▸ **Materials provided**:

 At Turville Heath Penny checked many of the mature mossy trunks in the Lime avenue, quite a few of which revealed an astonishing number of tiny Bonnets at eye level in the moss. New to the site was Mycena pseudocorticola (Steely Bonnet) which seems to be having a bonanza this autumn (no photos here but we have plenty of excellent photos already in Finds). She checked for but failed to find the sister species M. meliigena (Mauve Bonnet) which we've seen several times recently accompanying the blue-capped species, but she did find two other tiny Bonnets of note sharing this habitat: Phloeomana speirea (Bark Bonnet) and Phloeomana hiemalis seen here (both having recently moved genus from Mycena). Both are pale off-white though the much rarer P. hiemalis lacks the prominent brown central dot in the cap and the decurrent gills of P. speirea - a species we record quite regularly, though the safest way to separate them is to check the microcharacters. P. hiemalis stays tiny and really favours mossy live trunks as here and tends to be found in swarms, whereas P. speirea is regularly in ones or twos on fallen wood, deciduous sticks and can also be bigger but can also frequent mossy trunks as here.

---

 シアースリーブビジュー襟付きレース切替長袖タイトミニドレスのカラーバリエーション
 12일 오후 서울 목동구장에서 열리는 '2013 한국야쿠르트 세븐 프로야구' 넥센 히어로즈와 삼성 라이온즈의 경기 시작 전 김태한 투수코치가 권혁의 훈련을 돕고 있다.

--

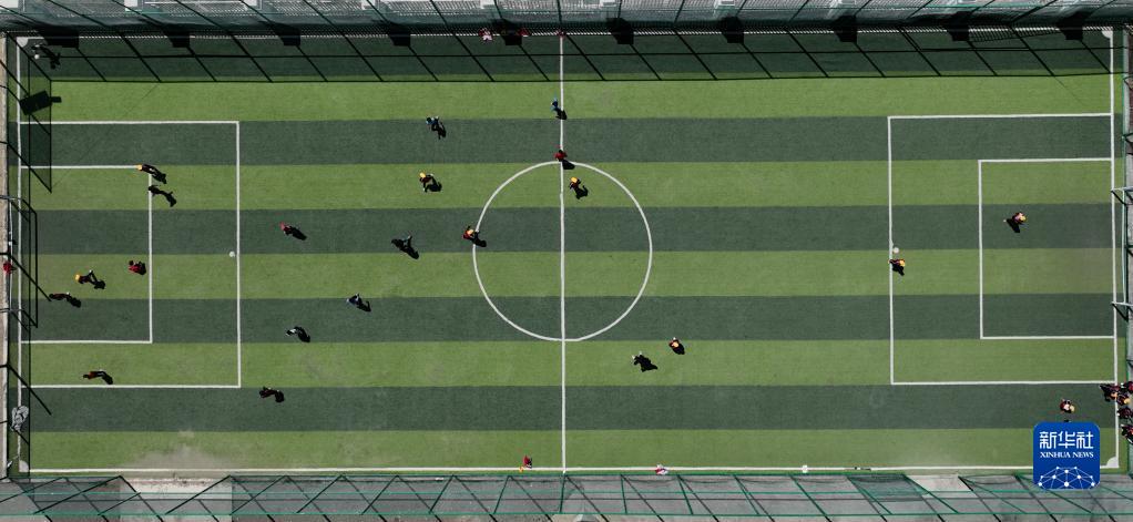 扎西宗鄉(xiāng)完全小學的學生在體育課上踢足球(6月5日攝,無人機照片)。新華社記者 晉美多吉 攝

▸ **What you are asked to do**: From the material above, copy exactly the lines between the line holding "シアースリーブビジュー襟付き" and the line holding "12일 오후 서울 목동구장에서", inclusive, and only those.

▸ **Response to this exercise**:
 シアースリーブビジュー襟付きレース切替長袖タイトミニドレスのカラーバリエーション
 12일 오후 서울 목동구장에서 열리는 '2013 한국야쿠르트 세븐 프로야구' 넥센 히어로즈와 삼성 라이온즈의 경기 시작 전 김태한 투수코치가 권혁의 훈련을 돕고 있다.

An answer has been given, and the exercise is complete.